Where the possibility of the interference between the tool and the spindle portion or the tailstock portion is confirmed, the interference checking section 53 outputs a drive stopping signal (interference confirming signal) to the drive controlling section 64, and outputs an alarm display signal (interference confirming signal) to the alarm section 54.
The alarm section 54 displays an alarm on the CRT of the input/output device 71 upon reception of the alarm display signal from the interference checking section 53.
In the interference preventing apparatus 50 having the aforesaid construction, the interference checking section 53 determines whether or not the tool has a possibility to interfere with the spindle portion and the tailstock portion in the automatic operation or in the manual operation. If the possibility of the interference is confirmed, the drive stopping signal is outputted to the drive controlling section 64 from the interference checking section 53 for stopping the movement of the tool post. Thus, the interference between the tool and the spindle portion and the interference between the tool and the tailstock portion are prevented. Further, the alarm display signal is outputted to the alarm section 54 from the interference checking section 53, and the alarm is displayed on the CRT.
However, the conventional interference preventing apparatus 50 described above is given an option to perform or not to perform the interference checking operation for all of the interference areas at a time. In other words, the interference preventing apparatus 50 is not given an option to perform or not to perform the interference checking operation for each of the interference areas and, therefore, suffers from the following drawbacks.
After exchange of the tool attached to the tool post, for example, the tool offset amount should be reset for a tool newly attached to the tool post. A tool offset amount setting operation is performed by employing a preseter or by actually machining a workpiece. In either case, the tool post should be moved toward the spindle for the setting of the tool offset amount.
If the interference checking section 53 is permitted to perform the interference checking operation when the tool offset amount setting operation is performed, the interference checking section 53 calculates the target movement positions of the edge of the tool on the basis of the tool offset amount set before the tool exchange. Therefore, the possibility of the interference is erroneously confirmed even if there is actually no possibility of the interference between the tool and the spindle portion.

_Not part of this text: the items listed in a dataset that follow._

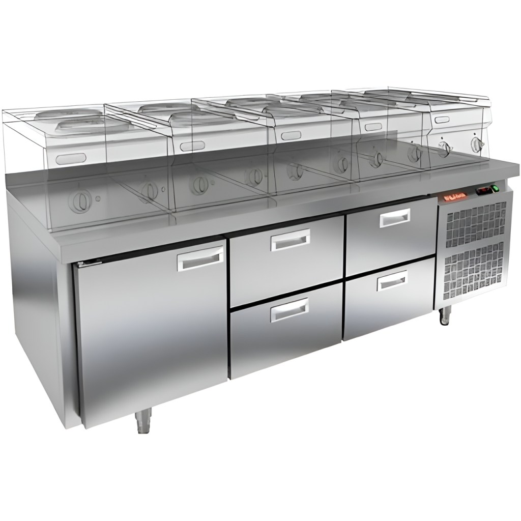 Каталог оборудования Холодильное оборудованиеСтолы охлаждаемыеСтолы холодильные под тепловое оборудованиеСтол морозильный HiCold GN 222/BT LT О под тепловое оборудование Стол морозильный HiCold GN 222/BT LT О под тепловое оборудование Код товара: 065-140 Поделиться: WhatsAppTelegram СравнитьДобавить в КПВ избранное 0 260 812 ₽ В корзину 0 шт Под заказСамовывоз сегодня бесплатно Взять в кредит Купить в лизинг Получить консультацию в WhatsApp Описание Характеристики Отзывы 0 Инструкции 2 Стол морозильный HiCold GN 222/BT LT О сочетает в себе функциональную рабочую поверхность и вместительную морозильную камеру для хранения продуктов и полуфабрикатов. Он идеально подходит для предприятий общественного питания, обеспечивая удобство и комфорт при приготовлении блюд. Рабочая поверхность рассчитана на установку теплового оборудования — встроенный под столешницей ДСП-лист придает конструкции дополнительную жесткость и надежно защищает морозильную камеру от перегрева. Такое решение позволяет эффективно использовать пространство кухни и повышает производительность труда. Внимание! На фото представлена аналогичная модель с бортом. В комплекте столешница поставляется без борта. Особенности: Совместимость с гастроемкостями стандарта GN — полки, направляющие и стойки выполнены по стандарту GN, что обеспечивает полную интеграцию с другим профессиональным оборудованием. Цельнозаливной корпус из нержавеющей стали с теплоизоляцией толщиной 50 мм обеспечивает высокую герметичность, жесткость и энергоэффективность. Столешница без борта для удобной работы с крупными и длинными заготовками. Электронный блок управления надежен в эксплуатации и поддерживает несколько режимов оттаивания. Мощный вентилятор и система принудительной вентиляции обеспечивают равномерное охлаждение по всему объему камеры. Интеллектуальная система размораживания и термическое выпаривание конденсата снижают затраты на обслуживание. Экономичный компрессор нового поколения снижает энергопотребление. Облегченный доступ к агрегату упрощает сервисное обслуживание. Петли-доводчики и электронагреватель (ПЭН) по периметру двери предотвращают примерзание и гарантируют плотное закрытие. Регулируемые по высоте ножки для устойчивости на разных поверхностях. Максимальная нагрузка на полку — 50 кг, высота борта — 50 мм. Работает при температуре окружающей среды от 12 до 32 °C. HiCold GN 222/BT LT О — это современное, энергоэффективное решение, которое сочетает надежное замораживание и удобное хранение продуктов с возможностью использования рабочей поверхности. Благодаря наличию двух выдвижных ящиков, стол обеспечивает дополнительный комфорт и функциональность при работе на профессиональной кухне.Изображение товара, представленного на фото, может отличаться от его фактического вида. Показать все Габаритные размеры1835×700×675 ммДиапазон рабочей температурыот -18 до -10 °CМатериал столешницыНержавеющая Расположение агрегатаБоковое Объём375 лТип столаС ящиками Количество ящиков6 штНапряжение220 ВМощность0,6 кВтТип охлажденияДинамический Тип оттайкиАвтоматическая СтолешницаБез борта Габариты в упаковке2000×850×825 ммВес нетто110 кгВес брутто130 кгБрендHicold Оставить отзыв Еще никто не оставил отзыв на этот товар Паспорт на HICOLD GN 222/BT LT О.pdfДекларация о соответствии.pdf Похожие товары Перейти в каталог Под заказ 
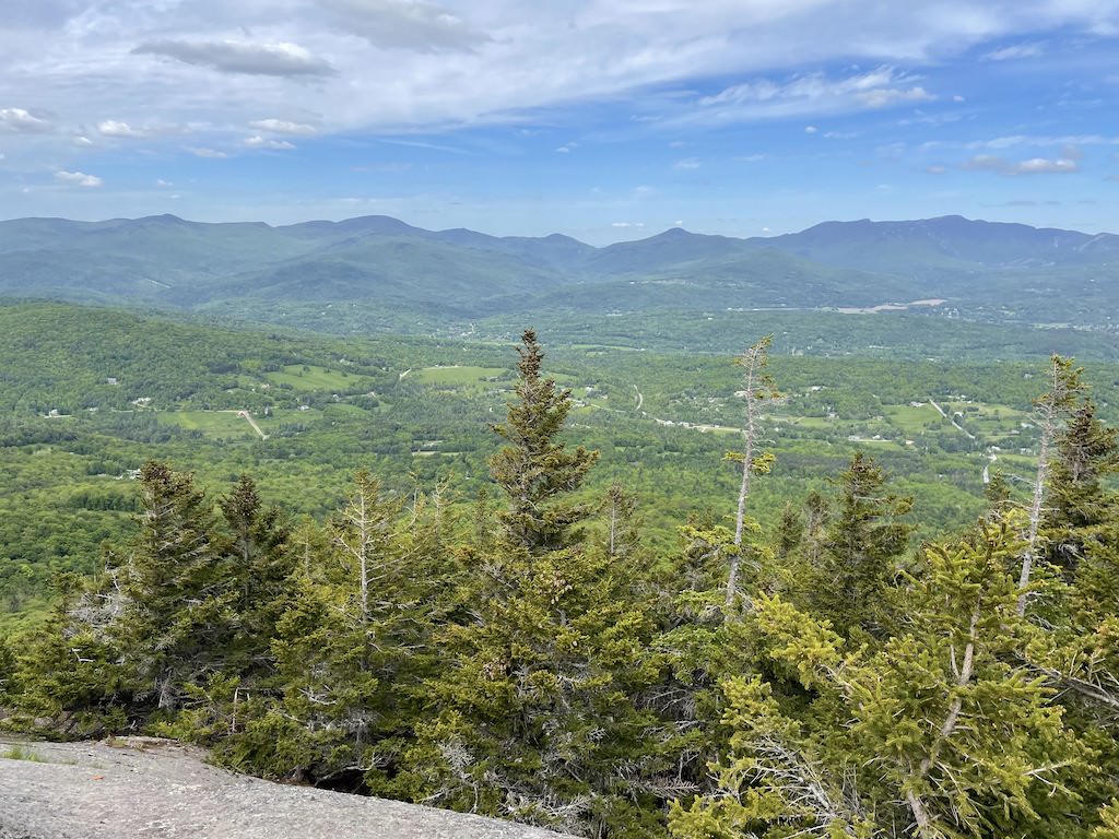 One of our goals was to get into nature and do some hiking Saturday morning, so we thumbed through our New England Hiking travel guide for ideas on where to go. We looked for “moderate” difficulty hiking trails that were in areas where rain wasn’t forecasted, and decided on the Stowe Pinnacle Trail, which ended up being quite lovely.
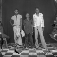 195. EAP054/1/145/284 Reference (shelfmark): EAP054/1/145/284 Title: Recreational photograph [c 1970-c 1995] Scope & Content: 3 boys standing. Format of original: 59mm x 59mm plastic negative Collection Area: Endangered Archives Programme Languages: Not applicable Date Range: c 1970-c 1995 Extent: 1 TIFF image
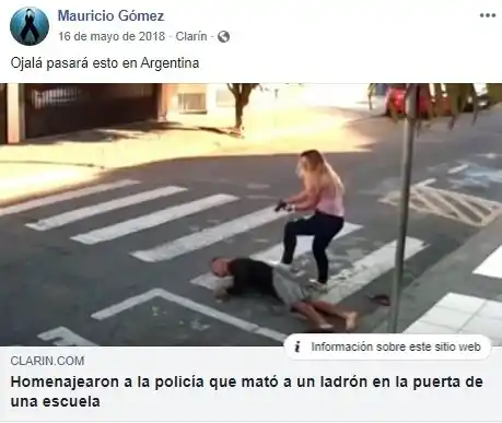 En mayo de 2018, en Brasil, Katia da Silva Sastre, una oficial de la Policía de San Pablo, mató a un delincuente cuando vio que quería robarle a un grupo de madres que estaba en la puerta de un colegio. Esta mujer de 42 años, le pegó tres tiros en el pecho al ladrón y todo quedó registrado en un video que recorrió el mundo. El video muestra el momento en que, cuando los invitados al acto por el día de las madres, en un colegio privado de Suzano, en el municipio en el estado de Sao Paulo, esperaban por la apertura de las puertas de la escuela, un hombre armado se aproximó, apuntó su revólver contra algunas de las mujeres e intentó robarles sus pertenencias. En ese momento, Katia Sastre, que vestía de civil, no dejó reaccionar al ladrón y le disparó. Días después fue homenajeada por el gobernador de San Pablo, Marcio Franca, y esto trascendió en los diferentes medios que habían dado a conocer la noticia. El caso es muy distinto a lo sucedido el miércoles en Gualeguaychú, pero Mauricio Gómez, el acusado de haber disparado a Iván Pérez, se hizo eco de lo sucedido en tierras cariocas y republicó en su muro de Facebook la noticia con un singular posteo. “Ojalá pasará esto en Argentina”, escribió el funcionario policial en referencia al homenaje que recibió Katia da Silva Sastre por parte de las autoridades políticas de San Pablo. El hombre que se encuentra cumpliendo una prisión preventiva por 35 días e imputado de homicidio agravado, por lo cual podría ser condenado a prisión perpetua, no dudó en desenfundar su arma y dispararle a Pérez, emulando a la oficial brasilera, cuando en realidad el hecho sucedido en Gualeguaychú no tiene nada en común.

Thus, the tool offset amount setting operation cannot smoothly be performed.
On the other hand, if the interference checking section 53 is prohibited from performing the interference checking operation when the tool offset amount setting operation is performed, an operator moves the tool while paying careful attention to the interference between the tool and the spindle portion. However, the operator tends to be careless about the interference between the tool and the tailstock portion on the opposite side, so that the tool may collide against the tailstock portion. Therefore, the interference preventing apparatus 50 fails to serve for the intended purpose. Thus, the conventional interference preventing apparatus 50 suffers from poor operability.
In view of the foregoing, it is an object of the present invention to provide an interference preventing apparatus which features an improved operability.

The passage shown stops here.